01-20-2014 11:56 AM
Maybe my question is silly but I have spent several hours trying to solve my problem and it still doesn't work!:smileycry:
I have a list of domains and a list of numbers / numbers-letters combinations. If domain contains any of those numbers or numbers-letters combination, I have to exclude it from the table.
Forbidden combination: "hotnail";
Thus, domains with typo such as e.g. hotnail.co.uk have to be excluded from the table.
If I use
t1.Domain NOT CONTAINS 'hotnail', then it not only excludes "hotnail" domains but also those which contain HOT in them, such as correct "hotmail" ones.
Which operator should I use in order to exclude only the exact phrase? CONTAINS work in a similar way with LIKE which is not suitable for me.

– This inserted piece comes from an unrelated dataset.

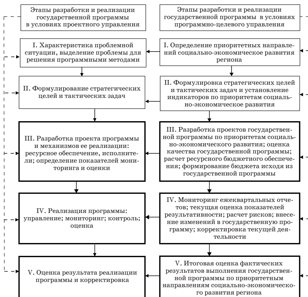
Рис. 2. Алгоритм внедрения элементов бюджетирования, ориентированного на результат, в программно-целевое управление

На уровне региона бюджетирование, ориентированное на результат, при разработке государственных программ по приоритетным направлениям социально-экономического развития требует предварительной оценки их качества; определения целей и задач в индикативной форме; учета рисков невыполнения и корректировки текущей деятельности государственных органов. Это позволило выстроить алгоритм внедрения элементов бюджетирования, ориентированного на результат, при разработке государственных программ по этапам программно-целевого управления (рис. 2).

Thank you very much in advance!
01-20-2014 02:08 PM
The CONTAINS operator searches for the string specified, so your expression (t1.Domain NOT CONTAINS 'hotnail') should not be excluding strings containing "hotmail" if it is looking for "hotnail".
You can confirm this simply:
data test ;
input var $7.;
create table want as
select * from test
where var NOT contains 'hotnail';
01-26-2014 12:44 PM
Fugue, what is "explicit pass-through"? I am not very experienced in SAS programming. The problem is that my code eliminates strings that are not specified in NOT CONTAINS expressions. I don't know how to solve this problem.
01-26-2014 04:21 PM
I suspect that you are making a logic error when trying filter for multiple excluded terms.
If you code (X NE 'Y') or (X NE 'Z') then nothing will be eliminate because for any value of X one of those two conditions is true.
You probably want to code something like this:
NOT (t1.Domain CONTAINS 'hotnail' or t1.Domain CONTAINS 'notmail' or .... )
01-27-2014 02:59 AM
Thank you Tom, I have understood what is the problem. First of all I used AND instead of OR. Then corrected the code as you suggested. I have also found out why does the code eliminate strings that don't have to be eliminated. For example, I want to eliminate all emails which prefix is "it". Like email@example.com. But if I state NOT (t1.Prefix CONTAINS 'it' OR...), it will also eliminate 'white', because white has 'IT' in it. How to handle this?
01-28-2014 03:51 AM
Thank you friends, it is now more clear for me how to combine different functions in the code. Thank you for the help! I don't close this topic for some time, maybe new questions will arise.
01-30-2014 03:22 AM
If I want to eliminate all email prefixes that contain only numbers, is it somehow possible to write it in a code? For example, I have
I separate prefixes and get:
Is it possible to declare in a code that if t1refix = numeric, then exclude? I cannot assign numeric type to the whole variable, because it can also contain nominal values and its type is character. t1.Prefix IN ('1', '2', '3', '4', '5', '6', '7', '8', '9') doesn't work.